Wednesday, 4 May 2022

Fantasy League 50 Goals

 

The game is easy to understand and without requiring too much time to play - each player gets 50 goals to distribute on 25 matches during season in a way he can beat others in matches.On average you have 2 goals per game available, but so is everybody else, so you have to decide when use more of them to win matches, but not too many, so you would have some goals left for the rest of the season.

 

The rules are simple:

1. At the beginning of the season, each manager is given 50 goals. 

2. The goals have to be cleverly distributed throughout the whole season. On a match day, each manager has to submit his goal bets.  The amount submitted will be deducted from the number of goals. 

3. The maximum bet for each match is 3 goals, while the minimum bet is 0 goals. However, all managers have 2 matches during the season where they can submit a 4 goal bet.

4. If a manager fails to submit the number of goals, then the bet will be taken as 0 goals, and as a penalty for not submitting the goal bets, 3 goals per match will be deducted from the remaining balance. 

5. The goal bets of a bot team [without a manager] will always be 1 goal per match.

6. Unused goals will NOT be carried forward to the next season.

7. A season consists of 9 weeks and each team will play 25 matches throughout the season.

8. If a manager fails to submit his bets for two consecutive weeks, he will be removed from the game.

9. If at the end of the season a team is still being managed by a caretaker manager, that team will have 6 points deducted from total points.

 

more on game website




 

Wednesday, 6 April 2022

Bundesliga Manager, a groundbraking game

Two Germans, Jensa Onnen and Werner Krahe, started experimenting with football manager games in late 1980s with... not great results to be honest. But just few years later, together with Software 2000, they came up with new take on the soccer manager genre that it shaped the future titles for long years. Their Bundesliga Manager game (later version was called Bundesliga Manager Professional) wasn't in theory that different from the others, but in some way it actually was. While games of the genre were based mostly on text and (at best) simple animations, they went to produce game that not only had quite impressive interface, but also used complicated animations to present goal chances. 

While the idea with animations wasn’t new, even Spectrum Football Manager used them, in Bundesliga Manager they were not only better, but also complex and fitted perfectly with the rest of the interface. On the other hand the players were described using only three parameters (skill, fitness and form), but the way it was presented was enough to keep users busy for a long time. What is more the animations were only tip of the iceberg - Bundesliga Manager had managerial options that were absent in other titles, like signing sponsorship deals for ads around stadium, sending team to training camp or improve parts of the stadium.
 
Of course with limited number of animations available with time the game was losing its freshness, but  then they introduced the slightly upgraded version, Bundesliga Manager Professional, which offered additional events added by the fans, which was again a novelty. The game was so popular that Software 2000 published English version, called just The Manager, which simulated the English divisions and brought a lot of attention to the title.
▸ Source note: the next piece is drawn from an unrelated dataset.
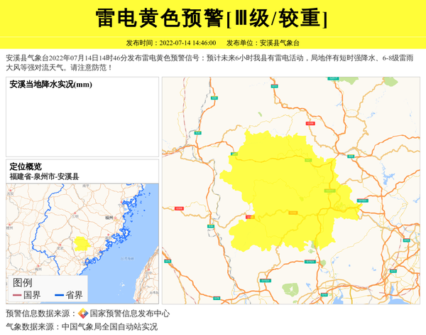 安溪县气象台2022年07月14日14时46分发布雷电黄色预警信号:预计未来6小时我县有雷电活动,局地伴有短时强降水、6-8级雷雨大风等强对流天气。请注意防范! 信息来源:国家预警信息发布中心; 发布单位:安溪县气象台。

Overall Bundesliga Manager introduced so many new elements to the gameplay that it’s hard to imagine how the genre could have existed without them - even with very simple gameplay it was fun for long, long hours with literally matches described in newspaper, sending team to training camps, negotiating loans with bank and signing deals with sponsors.
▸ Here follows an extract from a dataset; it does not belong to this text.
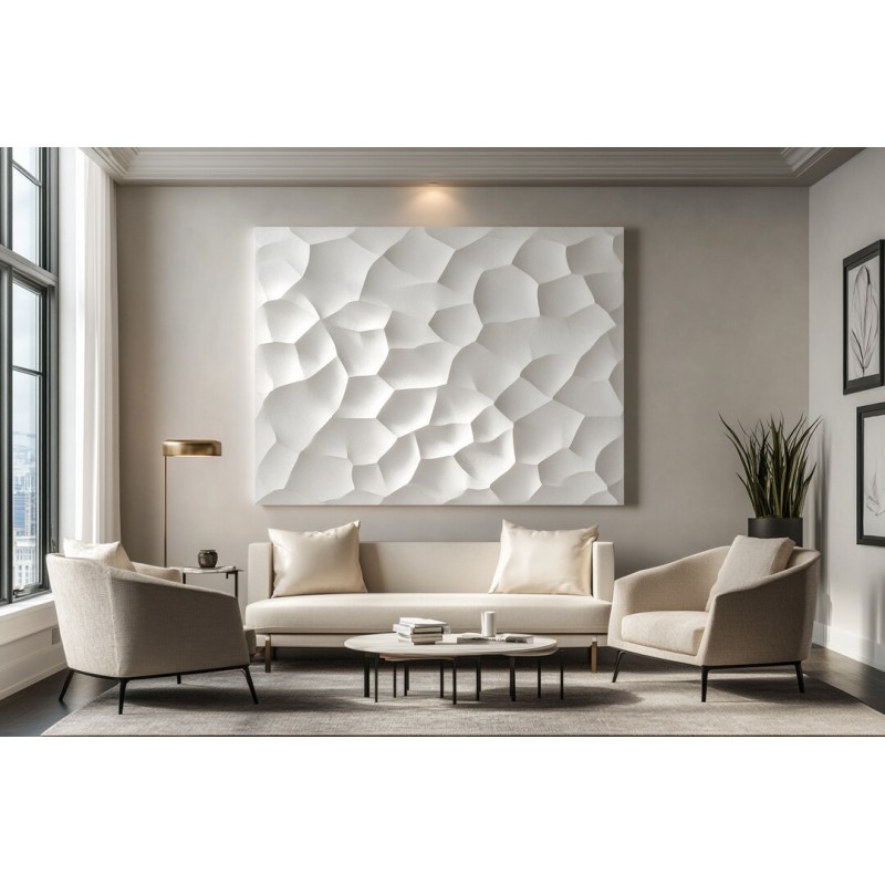 This living room showcases modern sophistication through a refined monochromatic palette and a captivating 3D wall feature.The textured surface serves as a bold focal point, adding depth and dimension to the minimalist space.Soft, neutral furnishings complement the intricate wall detail, while sleek furniture lines maintain a clean, polished look. Natural light enhances the texture, casting gentle shadows that shift throughout the day bringing the space to life.Balanced and composed, this design blends simplicity with subtle artistry creating a serene environment ideal for both quiet moments and stylish gatherings.

There even was sort-of multiplayer option, in which up to 4 players could take part in the game taking in turns all the decisions for their own teams (playing on same computers). It wasn't perfect, but again it was quite new and interesting.

Bundesliga Manager was in many ways a new approach to the genre and lead to such classic titles as Anstoss / On the Ball and many others.

Friday, 25 March 2022

Premier Manager 3


 

The third game of the Premier Manager series offered a typical scenario of its era, we start in the amateur Vauxhall Conference and fight for promotion to professional divisions, decent graphics and a wide range of club management options.



One of the main attractions was the possibility of hiring many co-workers (assistant manager, coaches, scouts, junior coach) and assigning tasks to them, which decreased the workload on our shoulders. The improvement / expansion of the stadium and the signing sponsorship contracts were increasing the ways we could improve out club - a better stadium meant more revenue from tickets, but at the same time such investments consumed money that we could not spend on transfers.


Transfer negotiations also looked a bit different than in most games - many clubs could make offers for players (open offers) and in subsequent rounds they could raise them, but at the end the player made the decision which club he wanted to move to (which resulted in making it very hard to sing a decent player for amateur conference team).

In general a complicated game, the match presentation was perhaps not the best one, but it was possible to very precisely determine the positions of the players on the field depending on which sector the ball was in, and then during the match watch how it works.

Premier Manager 3 was not an easy game to like, but you have to appreciate its level of development and range of options available. If you could look past its rough exterior it was a good soccer club simulation.